Highly Compensated Employees
The Plan may not favor Highly Compensated Employees (HCEs). An HCE is defined as:
- An officer in the prior year;
- A 5% (or greater) shareholder in the current or prior year;
- An employee paid $130,000 in 2021 or $135,000 in 2022
- An employee whose salary is in the top 20% of all employees.
Resources
- How Can You Prevent Discrimination Problems?
- Nondiscrimination Testing Guide
- Please complete our Nondiscrimination Testing Request Form and email it to ndx@amben.com.
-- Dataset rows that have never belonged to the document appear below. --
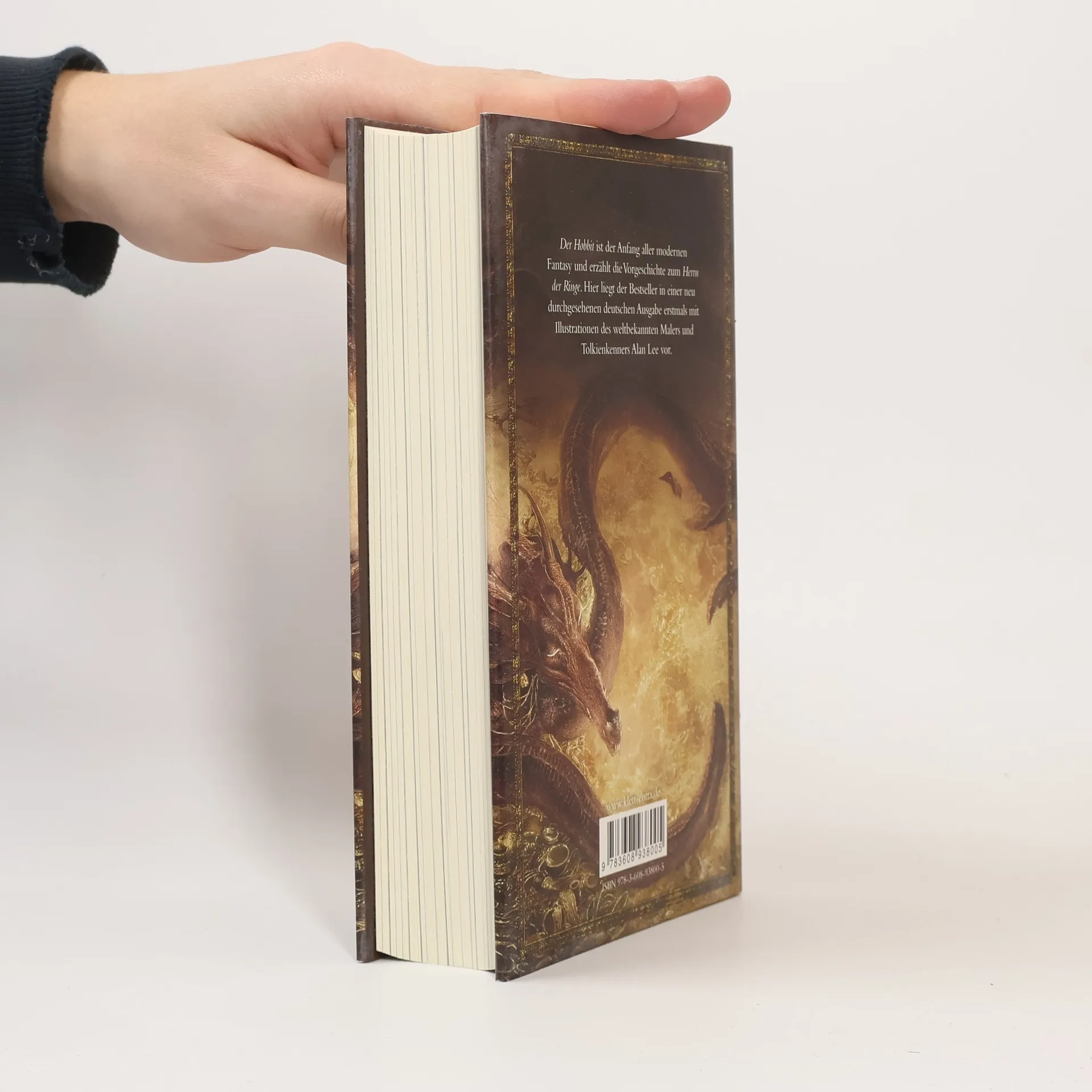 Ohne große Ansprüche lebt Bilbo Beutlin im Auenland, bis er von dem Zauberer Gandalf und einer Horde Zwerge aus seiner Beschaulichkeit und seinem gemütlichen Alltag gerissen wird. Auf einmal findet er sich mitten in einem Abenteuer wieder, das ihn zu dem riesigen und gefährlichen Drachen Smaug führt, der einen kostbaren Schatz in seinen Besitz gebracht hat und eifersüchtig hütet ... Mit 26 Farbtafeln und 38 Schwarzweißzeichnungen des bekannten Tolkienkünstlers Alan Lee, der für den Herr-der-Ringe-Film maßgeblich die Visualisierung von Tolkiens Welt und Figuren gestaltet hat.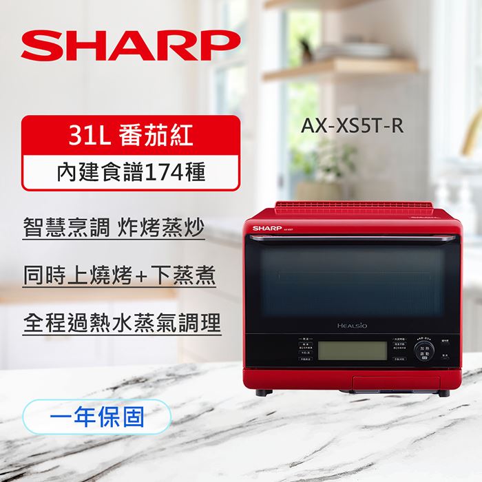 【夏普 SHARP】HEALSIO烘培水波爐 番茄紅 AX-XS5T-R
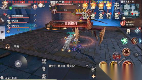 然后,我们会遇到第一个BOSS“鬼面狼蛛”。在打这个BOSS时,妖兽一定要冲上前去持续使用技能吸引鬼面狼蛛,为队友创造良好的输出环境,即在鬼面狼蛛的身后持续输出。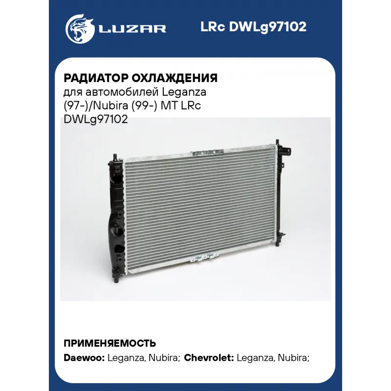 Радиатор охлаждения для автомобилей Leganza (97-)/Nubira (99-) MT LRc DWLg97102 LUZAR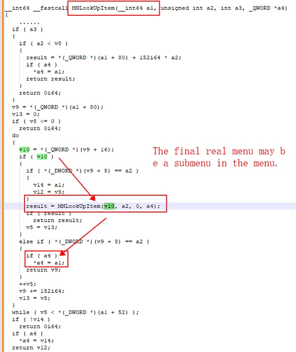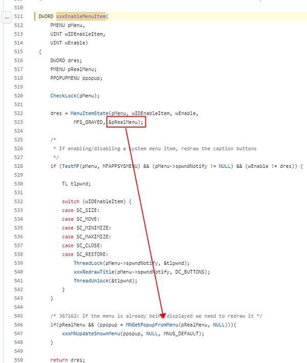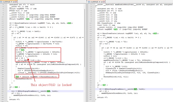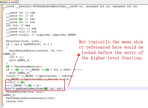 分析漏洞函数上下文,我们发现一个问题,传入到 xxxEnableMenuItem()的菜单,通常已经在上一层函数被锁定,那这里到底是要保护哪一个菜单对象呢?

Did you know that if you have a Premium Only Plan (POP), it is also subject to Nondiscrimination Testing? Visit our POP page for more information.
FAQs
Each year, the IRS requires companies with pre-tax reimbursement accounts to complete nondiscrimination testing. Nondiscrimination testing ensures that the business owners and Highly Compensated Employee(s) (HCE) do not receive a disproportionate benefit from a pre-tax plan compared to other employees.
The online census verification process ensures that we have complete and accurate data in order to complete the nondiscrimination testing required by the IRS.
If you do not verify your census, your nondiscrimination tests may be based on inaccurate data, and this could mean that Highly Compensated Employees might receive erroneous or unnecessary refunds.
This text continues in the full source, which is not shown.